* [Work to complete]:
Copy the listing below exactly. Pictures stay out of it.

* [Provided material]:
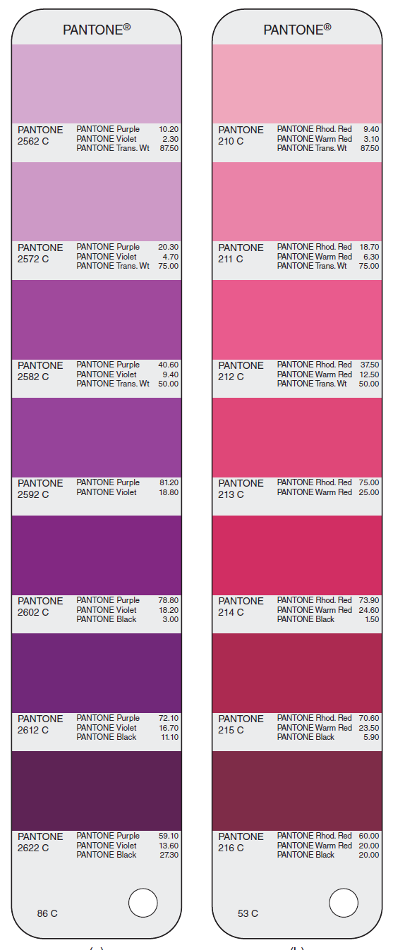 在包装印刷中,通常会预先混合几种油墨来调制出所需的颜色,这种颜色称为专色( spot color**)**。这种颜色使用单独的印刷单元印刷到纸张上。设计师和印刷厂之间通常使用按色相排列的专色色卡(扇形色卡)以及相应的油墨配方来沟通颜色信息。最常用的油墨混合系统是Pantone 配色系统(简称 PMS)。Pantone系统基于 14 种原色油墨。使用Pantone系统可以获得的颜色范围比使用青色、品红色、黄色和黑色油墨所能获得的颜色范围要大得多。图 3.22 显示了Pantone色卡中的几页。每一种颜色都有一个数字编号和相应的油墨配方。PMS 系统的普及催生了许多其他产品,例如四色印刷、荧光油墨和金属油墨、染色纺织品以及着色塑料。
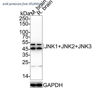 Western blot analysis of JNK1+JNK2+JNK3 on different lysates with Rabbit anti-JNK1+JNK2+JNK3 antibody (HA750018) at 1/5,000 dilution. Lane 1: Mouse brain tissue lysate (15 µg/Lane) Lane 2: Rat brain tissue lysate (15 µg/Lane) Predicted band size: 48/53 kDa Observed band size: 48/53 kDa Exposure time: 1 minute; ECL: K1801; 4-20% SDS-PAGE gel. Proteins were transferred to a PVDF membrane and blocked with 5% NFDM/TBST for 1 hour at room temperature. The primary antibody (HA750018) at 1/5,000 dilution was used in 5% BSA at 4℃ overnight. Goat Anti-Rabbit IgG - HRP Secondary Antibody (HA1001) at 1/50,000 dilution was used for 1 hour at room temperature.
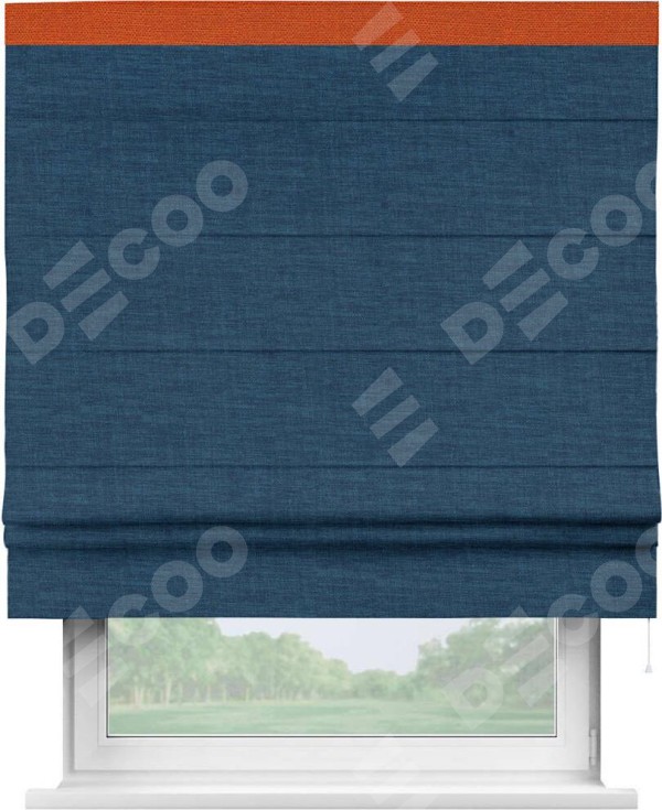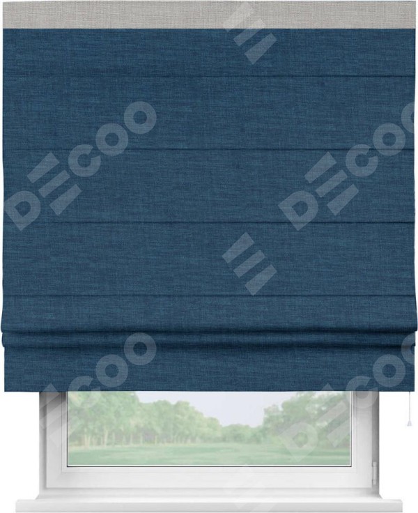 Римская штора «Кортин» для проёма, лён синий, с кантом Кинг
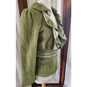 ▪︎DESCRIPTION: Beautiful dressy wool jacket blazer with ruffled front, two decorative buttons, and purple floral lining

* [Result below]:
 在包装印刷中,通常会预先混合几种油墨来调制出所需的颜色,这种颜色称为专色( spot color**)**。这种颜色使用单独的印刷单元印刷到纸张上。设计师和印刷厂之间通常使用按色相排列的专色色卡(扇形色卡)以及相应的油墨配方来沟通颜色信息。最常用的油墨混合系统是Pantone 配色系统(简称 PMS)。Pantone系统基于 14 种原色油墨。使用Pantone系统可以获得的颜色范围比使用青色、品红色、黄色和黑色油墨所能获得的颜色范围要大得多。图 3.22 显示了Pantone色卡中的几页。每一种颜色都有一个数字编号和相应的油墨配方。PMS 系统的普及催生了许多其他产品,例如四色印刷、荧光油墨和金属油墨、染色纺织品以及着色塑料。
 Western blot analysis of JNK1+JNK2+JNK3 on different lysates with Rabbit anti-JNK1+JNK2+JNK3 antibody (HA750018) at 1/5,000 dilution. Lane 1: Mouse brain tissue lysate (15 µg/Lane) Lane 2: Rat brain tissue lysate (15 µg/Lane) Predicted band size: 48/53 kDa Observed band size: 48/53 kDa Exposure time: 1 minute; ECL: K1801; 4-20% SDS-PAGE gel. Proteins were transferred to a PVDF membrane and blocked with 5% NFDM/TBST for 1 hour at room temperature. The primary antibody (HA750018) at 1/5,000 dilution was used in 5% BSA at 4℃ overnight. Goat Anti-Rabbit IgG - HRP Secondary Antibody (HA1001) at 1/50,000 dilution was used for 1 hour at room temperature.
 Римская штора «Кортин» для проёма, лён синий, с кантом Кинг
 ▪︎DESCRIPTION: Beautiful dressy wool jacket blazer with ruffled front, two decorative buttons, and purple floral lining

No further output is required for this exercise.